Source records
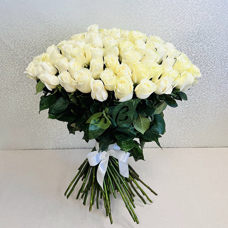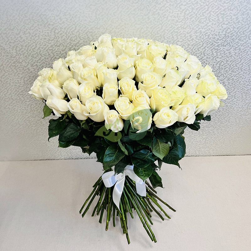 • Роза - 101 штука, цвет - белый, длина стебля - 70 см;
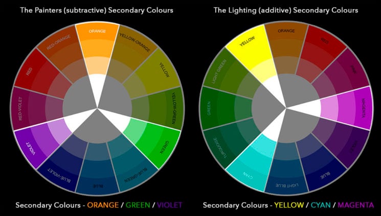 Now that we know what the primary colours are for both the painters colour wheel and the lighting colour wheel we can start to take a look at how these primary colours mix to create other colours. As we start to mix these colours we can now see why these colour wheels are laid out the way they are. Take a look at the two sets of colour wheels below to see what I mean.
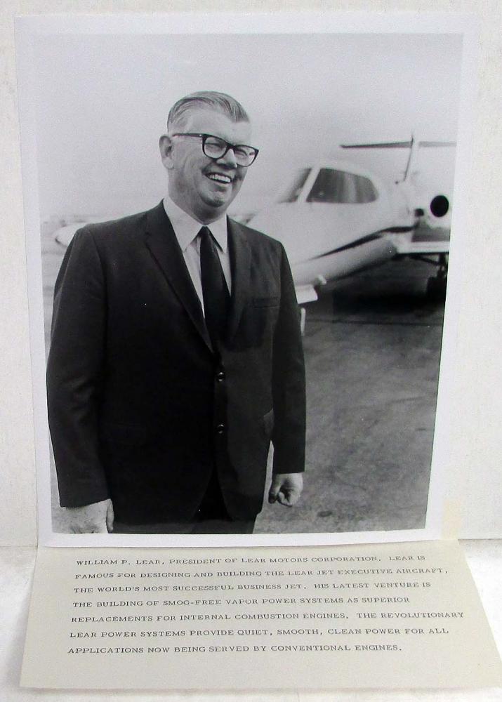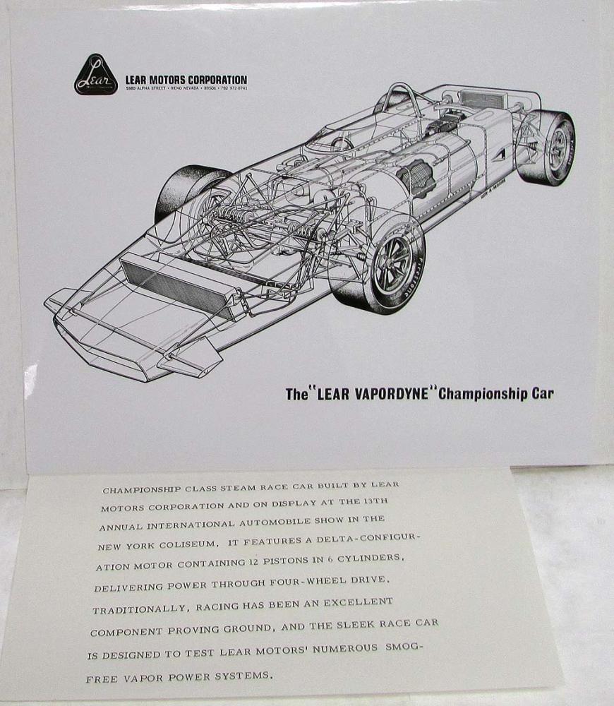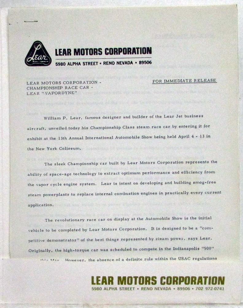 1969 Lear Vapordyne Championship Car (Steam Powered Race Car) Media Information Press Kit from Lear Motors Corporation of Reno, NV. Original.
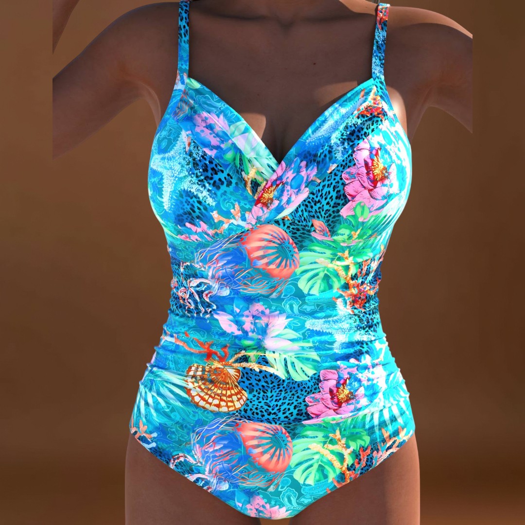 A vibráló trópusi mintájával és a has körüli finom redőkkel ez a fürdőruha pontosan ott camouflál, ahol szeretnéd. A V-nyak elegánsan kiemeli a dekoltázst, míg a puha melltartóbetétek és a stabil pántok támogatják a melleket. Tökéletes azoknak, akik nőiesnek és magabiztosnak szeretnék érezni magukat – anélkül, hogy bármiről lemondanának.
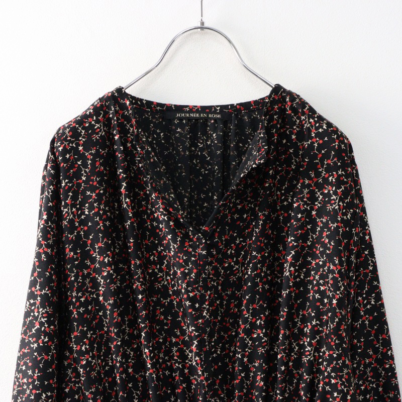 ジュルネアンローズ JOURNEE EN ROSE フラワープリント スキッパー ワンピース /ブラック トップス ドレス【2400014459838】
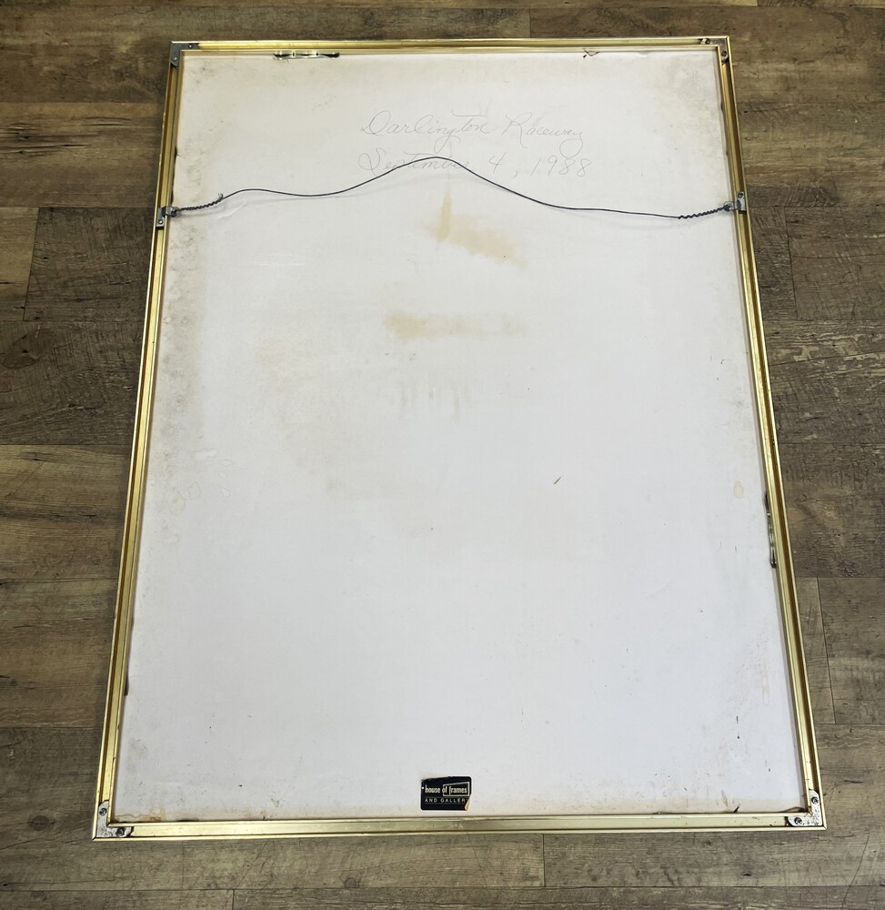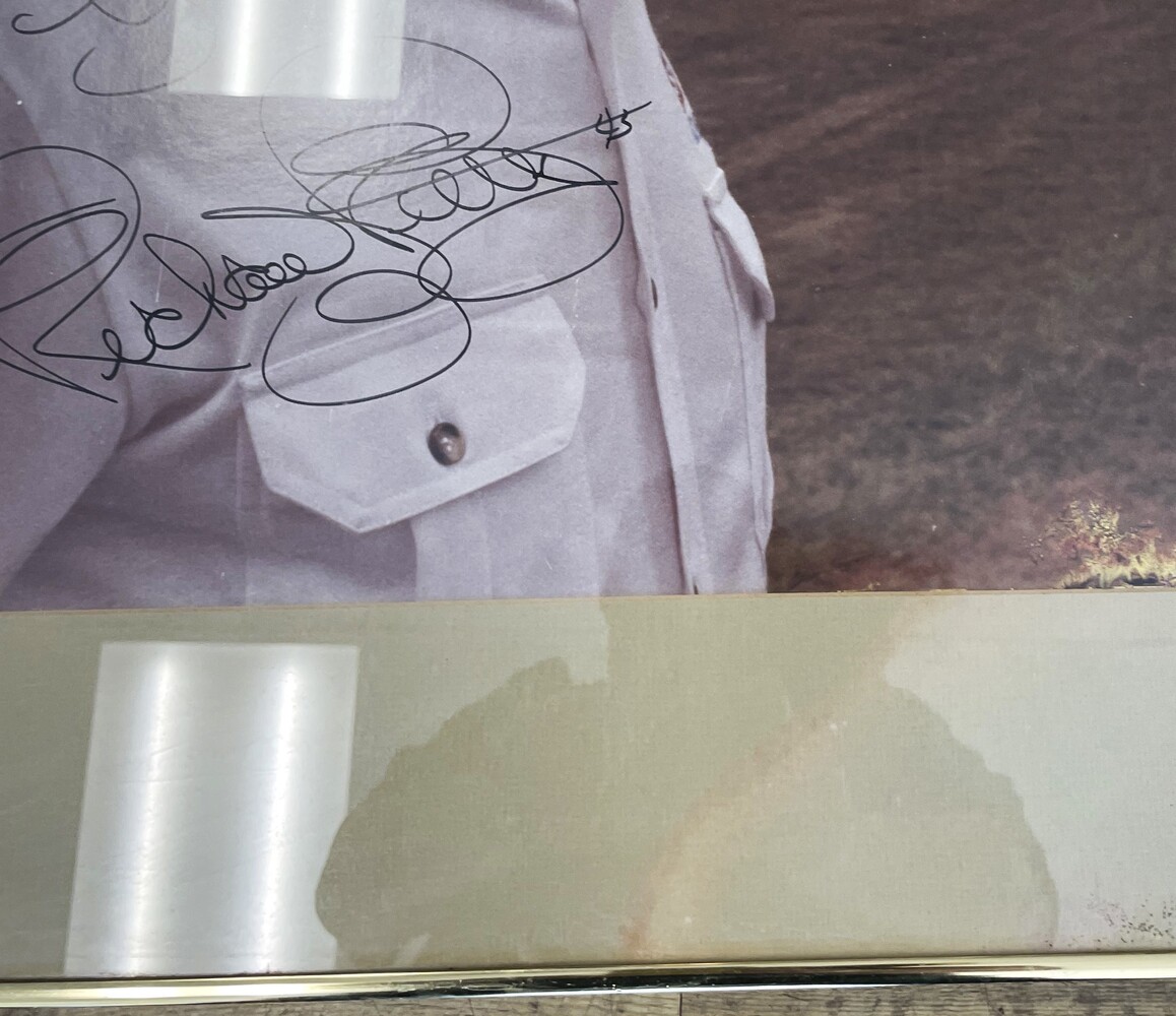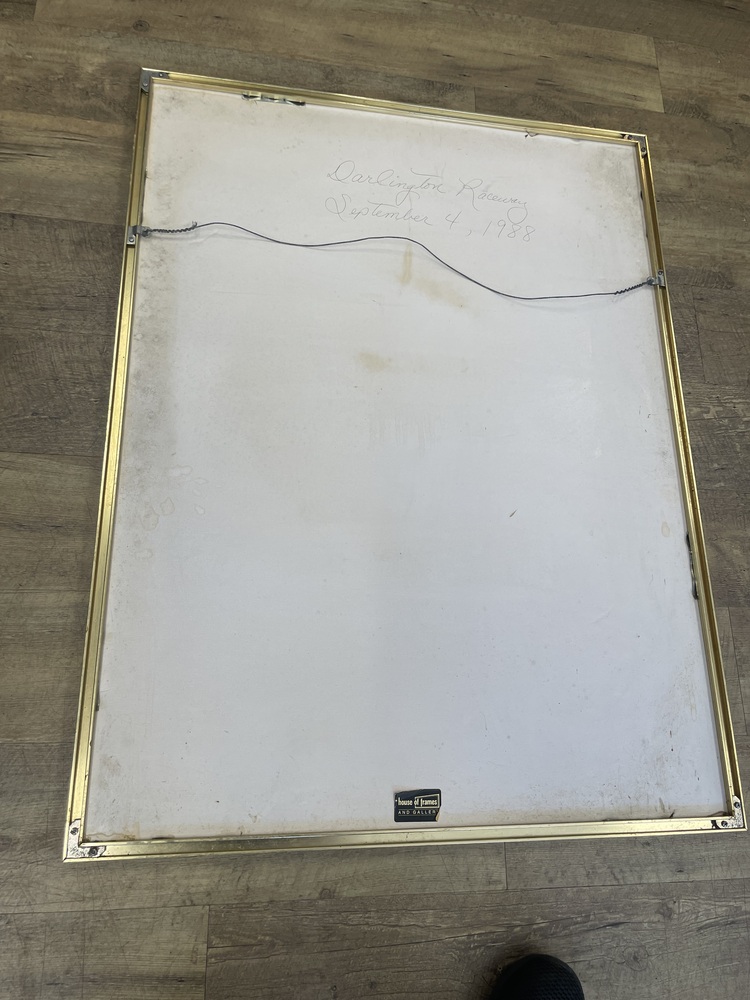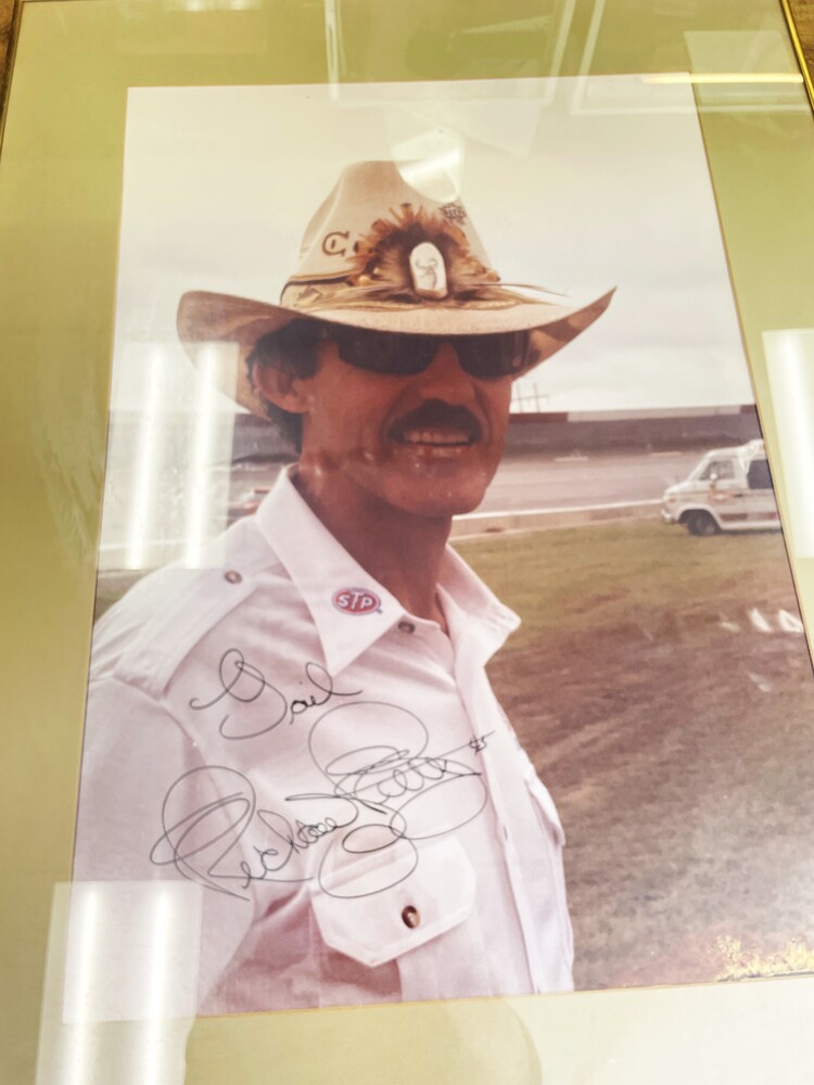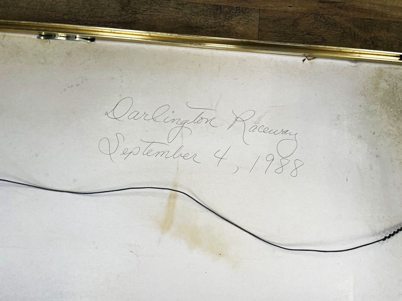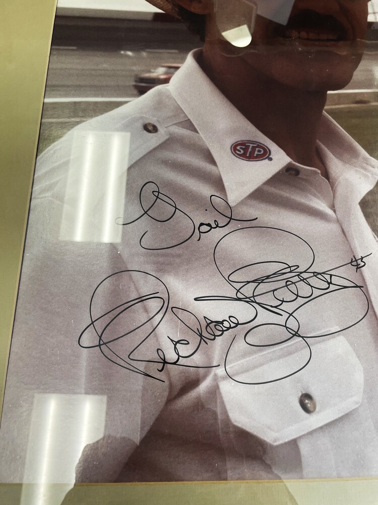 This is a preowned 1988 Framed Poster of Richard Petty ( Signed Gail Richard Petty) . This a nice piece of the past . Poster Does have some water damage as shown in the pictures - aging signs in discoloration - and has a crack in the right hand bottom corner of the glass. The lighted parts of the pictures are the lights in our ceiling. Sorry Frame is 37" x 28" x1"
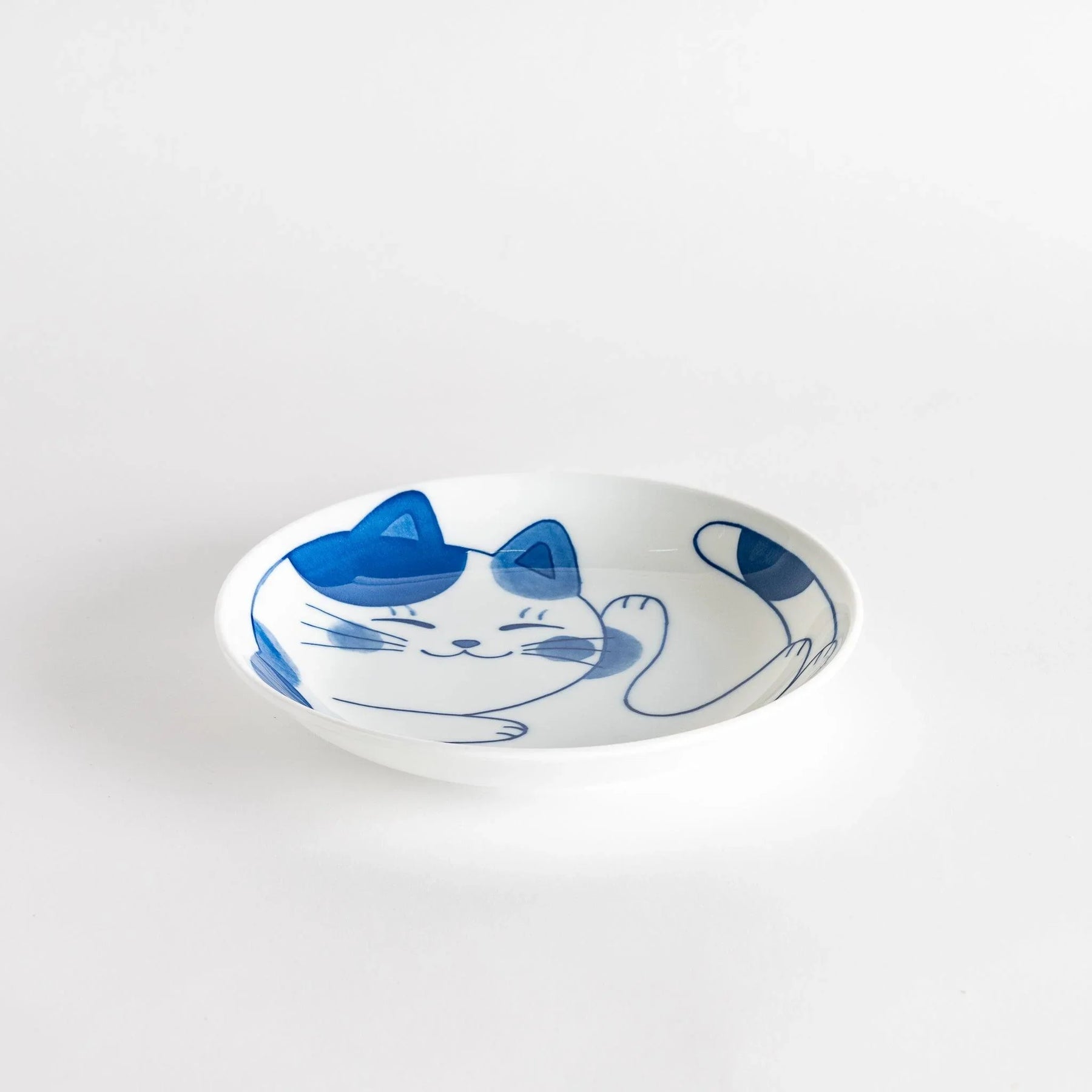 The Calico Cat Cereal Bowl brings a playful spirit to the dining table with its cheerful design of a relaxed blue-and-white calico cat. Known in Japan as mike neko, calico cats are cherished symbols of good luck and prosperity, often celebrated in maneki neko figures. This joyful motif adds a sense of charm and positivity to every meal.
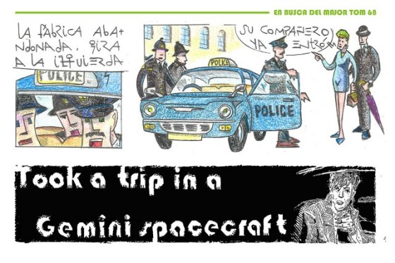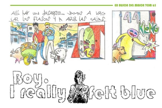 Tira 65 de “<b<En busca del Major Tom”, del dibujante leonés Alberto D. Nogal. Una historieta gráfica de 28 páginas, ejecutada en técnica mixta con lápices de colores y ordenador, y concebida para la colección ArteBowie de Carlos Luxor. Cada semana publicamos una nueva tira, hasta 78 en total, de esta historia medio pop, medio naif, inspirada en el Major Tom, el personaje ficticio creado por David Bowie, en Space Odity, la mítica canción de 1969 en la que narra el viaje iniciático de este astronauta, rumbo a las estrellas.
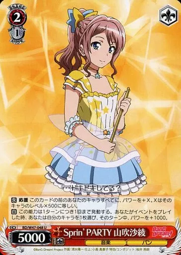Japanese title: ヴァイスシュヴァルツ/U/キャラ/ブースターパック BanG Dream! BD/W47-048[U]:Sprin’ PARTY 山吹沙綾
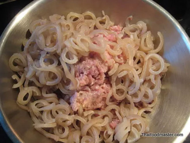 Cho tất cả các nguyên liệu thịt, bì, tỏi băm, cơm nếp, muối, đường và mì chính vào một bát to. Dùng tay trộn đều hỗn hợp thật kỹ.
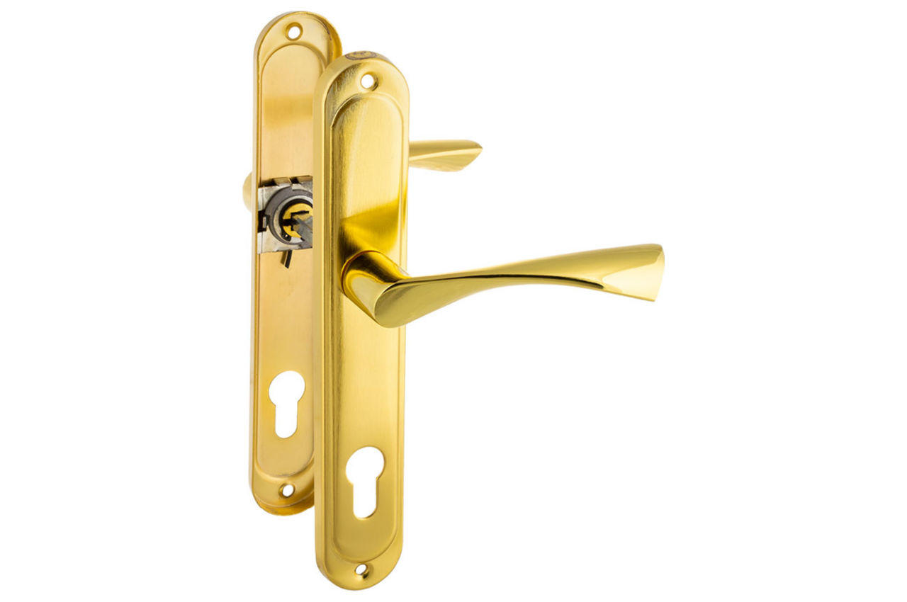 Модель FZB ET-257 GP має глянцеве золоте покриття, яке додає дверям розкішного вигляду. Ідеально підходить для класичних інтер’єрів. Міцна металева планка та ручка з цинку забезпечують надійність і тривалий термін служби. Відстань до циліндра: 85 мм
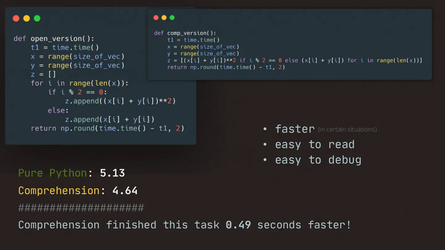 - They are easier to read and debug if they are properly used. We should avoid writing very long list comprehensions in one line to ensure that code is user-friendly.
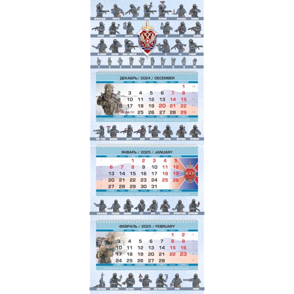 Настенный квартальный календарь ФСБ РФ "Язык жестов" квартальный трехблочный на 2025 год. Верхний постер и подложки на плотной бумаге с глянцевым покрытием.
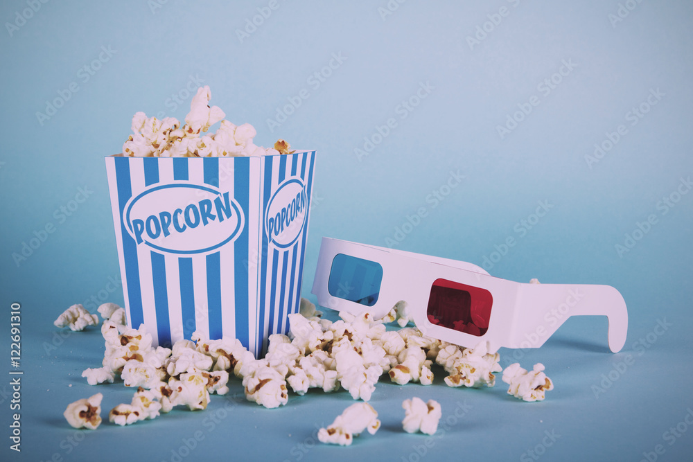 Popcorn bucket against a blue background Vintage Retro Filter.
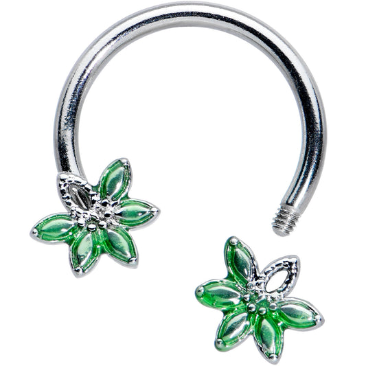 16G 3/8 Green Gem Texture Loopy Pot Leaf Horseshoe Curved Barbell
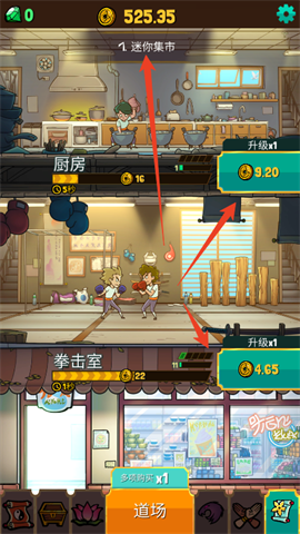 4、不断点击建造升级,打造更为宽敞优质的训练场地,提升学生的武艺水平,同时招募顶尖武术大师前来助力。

- _What needs to be done_: Only the lines from the one containing "- They are easier" through the final line of the entries belong in the copy, both ends included. Pictures stay out.

- _Written solution_:
 - They are easier to read and debug if they are properly used. We should avoid writing very long list comprehensions in one line to ensure that code is user-friendly.
 Настенный квартальный календарь ФСБ РФ "Язык жестов" квартальный трехблочный на 2025 год. Верхний постер и подложки на плотной бумаге с глянцевым покрытием.
 Popcorn bucket against a blue background Vintage Retro Filter.
 16G 3/8 Green Gem Texture Loopy Pot Leaf Horseshoe Curved Barbell
 4、不断点击建造升级,打造更为宽敞优质的训练场地,提升学生的武艺水平,同时招募顶尖武术大师前来助力。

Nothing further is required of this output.